--- Work request ---
For the material below, the expected output is exactly the lines between the line holding "სამუშაო | |" and the line holding "sich der Abluftstollen.", inclusive, with pictures left out.

(Input material begins)

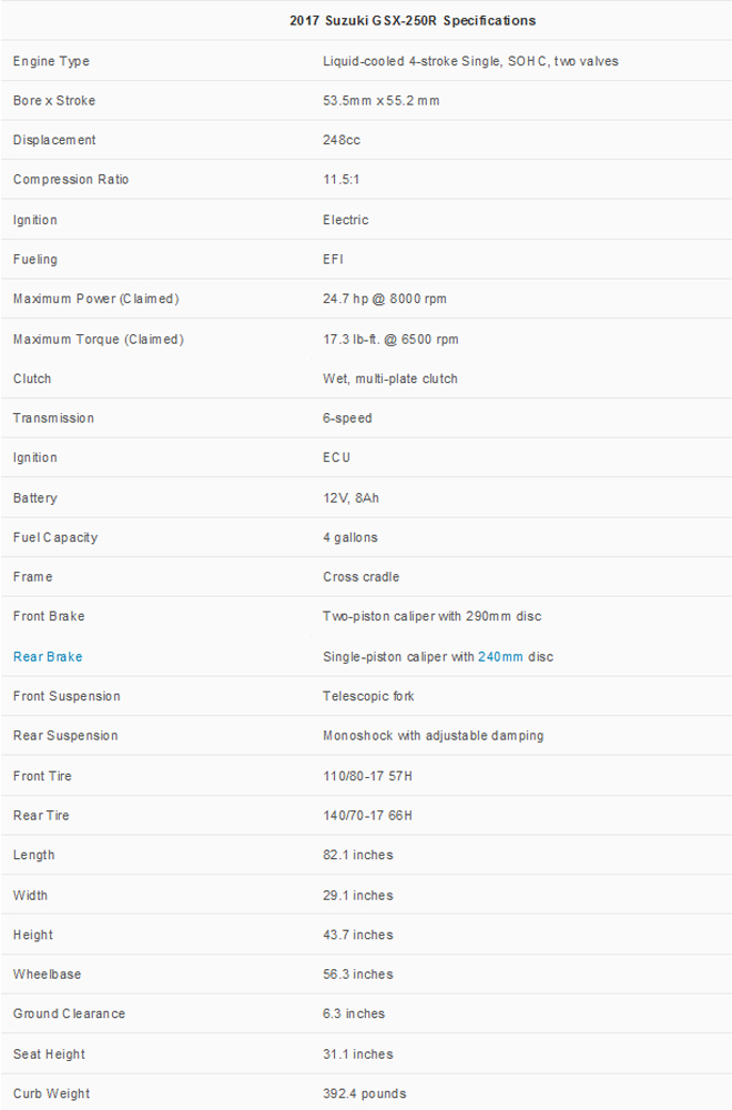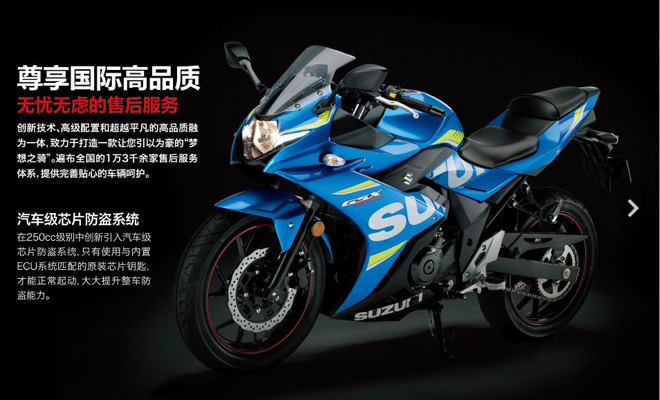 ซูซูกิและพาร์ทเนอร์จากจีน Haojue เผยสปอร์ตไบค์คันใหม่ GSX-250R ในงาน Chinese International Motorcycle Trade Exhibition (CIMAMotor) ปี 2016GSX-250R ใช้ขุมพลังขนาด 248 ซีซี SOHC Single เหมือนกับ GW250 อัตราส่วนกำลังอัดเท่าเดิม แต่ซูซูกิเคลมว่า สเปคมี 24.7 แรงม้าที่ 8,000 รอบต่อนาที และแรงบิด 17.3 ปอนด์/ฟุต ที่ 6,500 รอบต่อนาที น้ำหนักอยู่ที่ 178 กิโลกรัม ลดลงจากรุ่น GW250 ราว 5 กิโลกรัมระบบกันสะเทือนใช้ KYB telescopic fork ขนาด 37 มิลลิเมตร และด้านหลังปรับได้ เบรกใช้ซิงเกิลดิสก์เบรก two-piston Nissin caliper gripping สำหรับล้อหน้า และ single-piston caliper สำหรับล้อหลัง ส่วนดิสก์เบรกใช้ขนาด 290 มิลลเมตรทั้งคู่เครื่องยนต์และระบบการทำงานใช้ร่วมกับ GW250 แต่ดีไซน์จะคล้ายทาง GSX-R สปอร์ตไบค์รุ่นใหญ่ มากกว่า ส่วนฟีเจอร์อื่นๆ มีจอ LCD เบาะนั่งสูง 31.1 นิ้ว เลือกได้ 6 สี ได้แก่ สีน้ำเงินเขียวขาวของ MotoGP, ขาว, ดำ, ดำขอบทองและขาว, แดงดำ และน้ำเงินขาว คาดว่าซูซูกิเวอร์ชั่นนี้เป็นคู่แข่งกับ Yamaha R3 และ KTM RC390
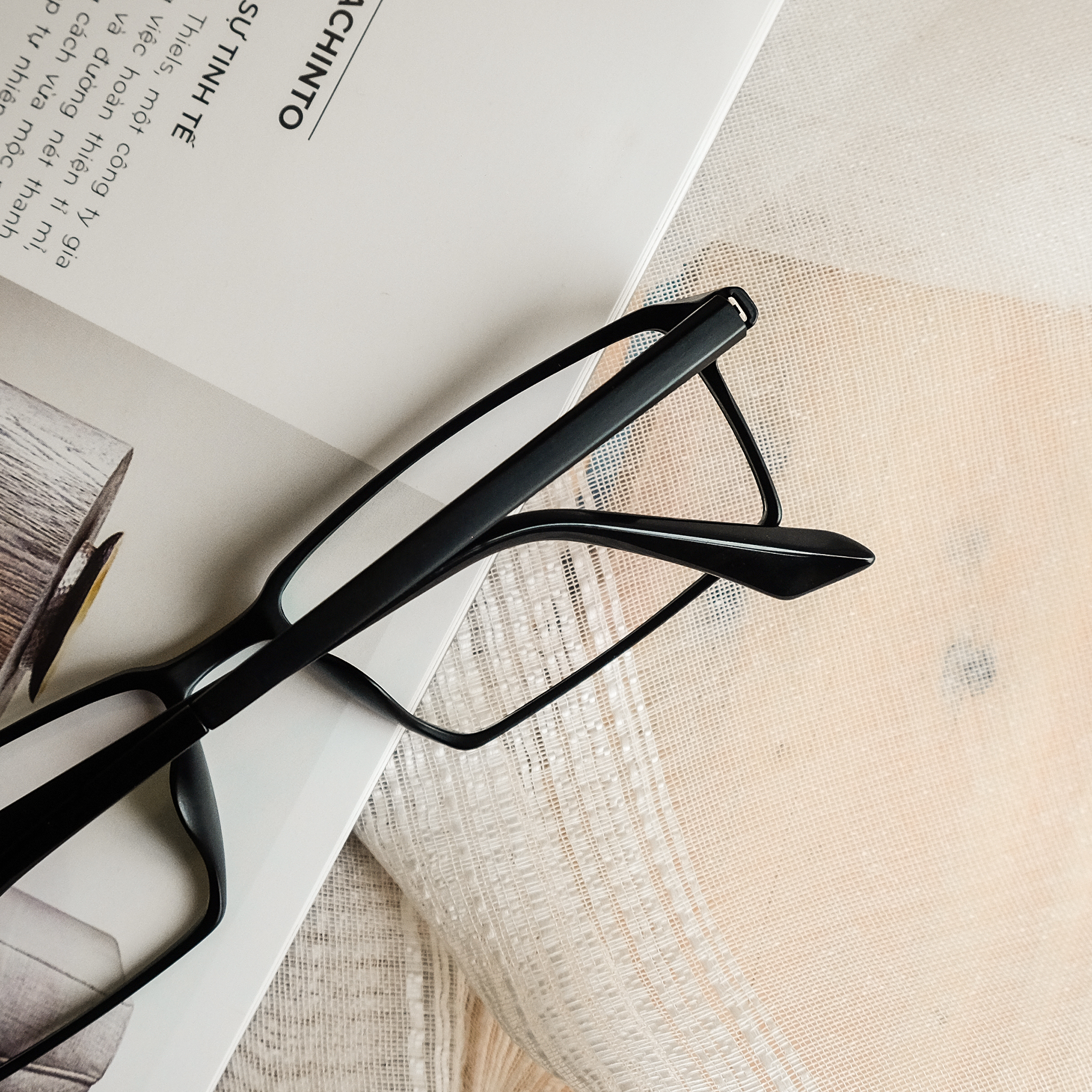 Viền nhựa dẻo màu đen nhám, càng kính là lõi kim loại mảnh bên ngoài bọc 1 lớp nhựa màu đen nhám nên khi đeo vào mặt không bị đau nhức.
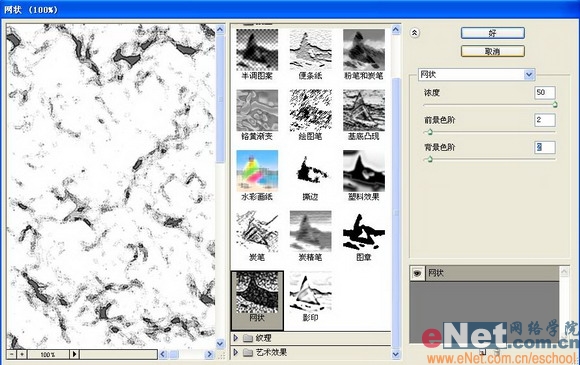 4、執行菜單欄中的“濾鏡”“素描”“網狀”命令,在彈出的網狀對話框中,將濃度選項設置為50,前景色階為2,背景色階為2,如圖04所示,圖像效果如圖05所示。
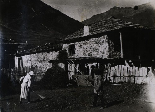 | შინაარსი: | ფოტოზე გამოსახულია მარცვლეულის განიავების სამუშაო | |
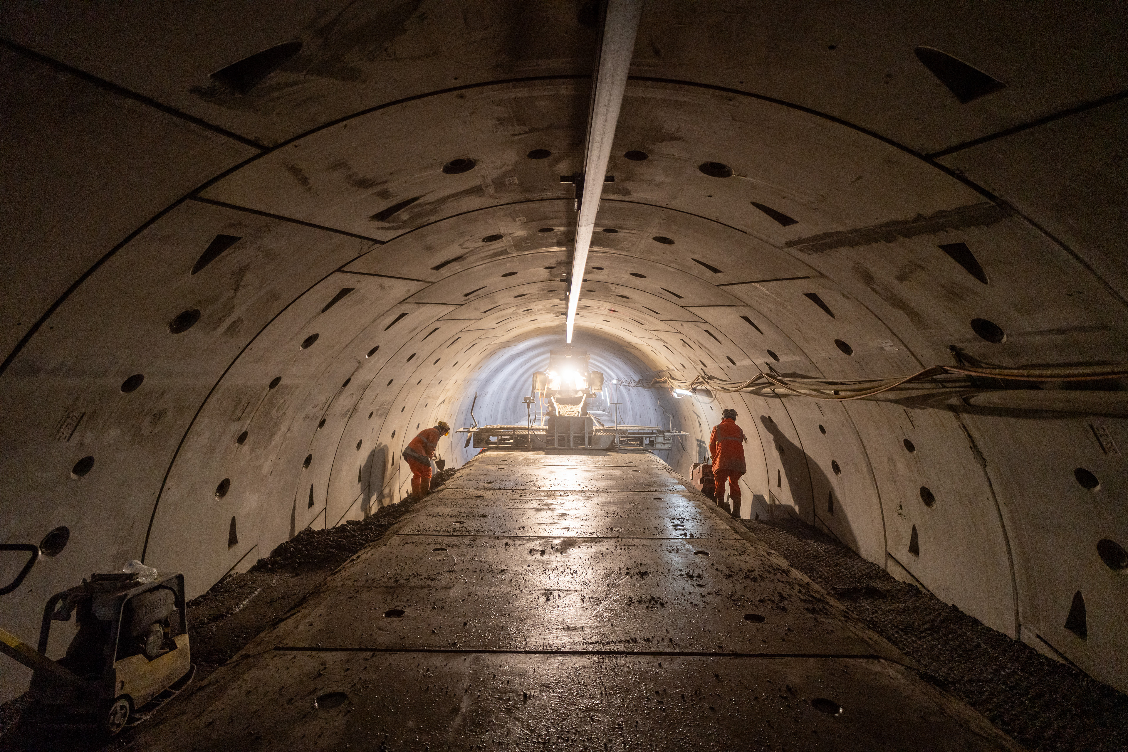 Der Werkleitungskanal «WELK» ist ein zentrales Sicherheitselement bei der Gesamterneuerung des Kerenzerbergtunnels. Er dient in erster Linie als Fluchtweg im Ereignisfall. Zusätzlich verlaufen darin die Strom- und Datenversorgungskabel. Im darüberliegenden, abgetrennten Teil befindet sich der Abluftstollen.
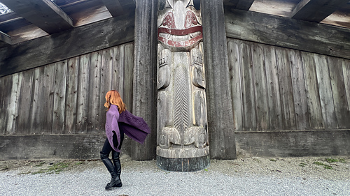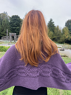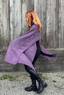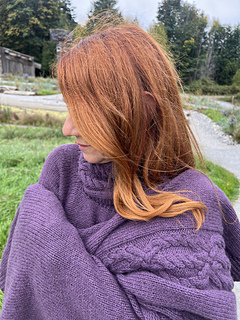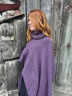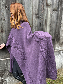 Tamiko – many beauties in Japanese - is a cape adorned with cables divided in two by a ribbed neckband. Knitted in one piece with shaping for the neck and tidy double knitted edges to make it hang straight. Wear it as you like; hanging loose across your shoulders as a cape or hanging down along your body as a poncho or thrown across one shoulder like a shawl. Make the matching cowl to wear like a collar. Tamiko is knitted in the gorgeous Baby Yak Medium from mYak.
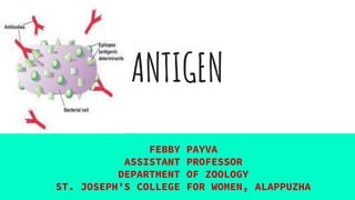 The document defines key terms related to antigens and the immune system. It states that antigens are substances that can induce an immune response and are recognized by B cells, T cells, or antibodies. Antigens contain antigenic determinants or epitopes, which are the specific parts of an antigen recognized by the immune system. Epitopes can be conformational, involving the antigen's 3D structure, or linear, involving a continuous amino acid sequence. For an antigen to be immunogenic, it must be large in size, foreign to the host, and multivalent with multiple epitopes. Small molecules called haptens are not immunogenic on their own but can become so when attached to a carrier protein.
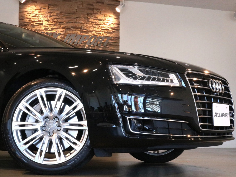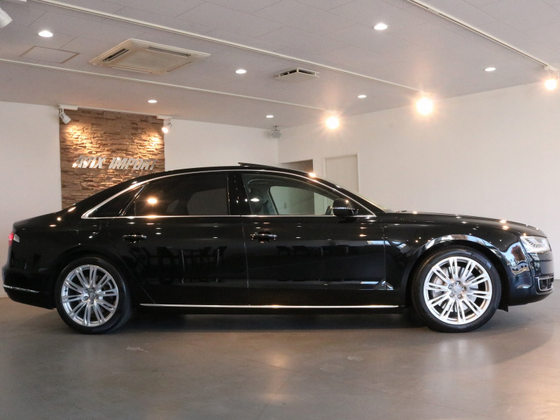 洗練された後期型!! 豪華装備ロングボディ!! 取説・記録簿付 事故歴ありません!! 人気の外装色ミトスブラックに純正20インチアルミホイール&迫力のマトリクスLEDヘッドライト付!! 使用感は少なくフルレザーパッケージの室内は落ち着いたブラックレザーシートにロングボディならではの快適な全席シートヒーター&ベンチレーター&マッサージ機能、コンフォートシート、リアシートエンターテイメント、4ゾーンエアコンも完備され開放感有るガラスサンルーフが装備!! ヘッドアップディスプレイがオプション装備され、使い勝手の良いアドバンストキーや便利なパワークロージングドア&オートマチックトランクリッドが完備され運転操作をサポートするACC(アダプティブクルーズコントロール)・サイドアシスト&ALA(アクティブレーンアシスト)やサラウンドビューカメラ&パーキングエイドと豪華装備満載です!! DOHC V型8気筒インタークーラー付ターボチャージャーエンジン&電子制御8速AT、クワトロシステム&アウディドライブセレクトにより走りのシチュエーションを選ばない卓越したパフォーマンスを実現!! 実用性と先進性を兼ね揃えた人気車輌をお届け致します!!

(Input material ends)

--- Answer to the problem ---
 | შინაარსი: | ფოტოზე გამოსახულია მარცვლეულის განიავების სამუშაო | |
 Der Werkleitungskanal «WELK» ist ein zentrales Sicherheitselement bei der Gesamterneuerung des Kerenzerbergtunnels. Er dient in erster Linie als Fluchtweg im Ereignisfall. Zusätzlich verlaufen darin die Strom- und Datenversorgungskabel. Im darüberliegenden, abgetrennten Teil befindet sich der Abluftstollen.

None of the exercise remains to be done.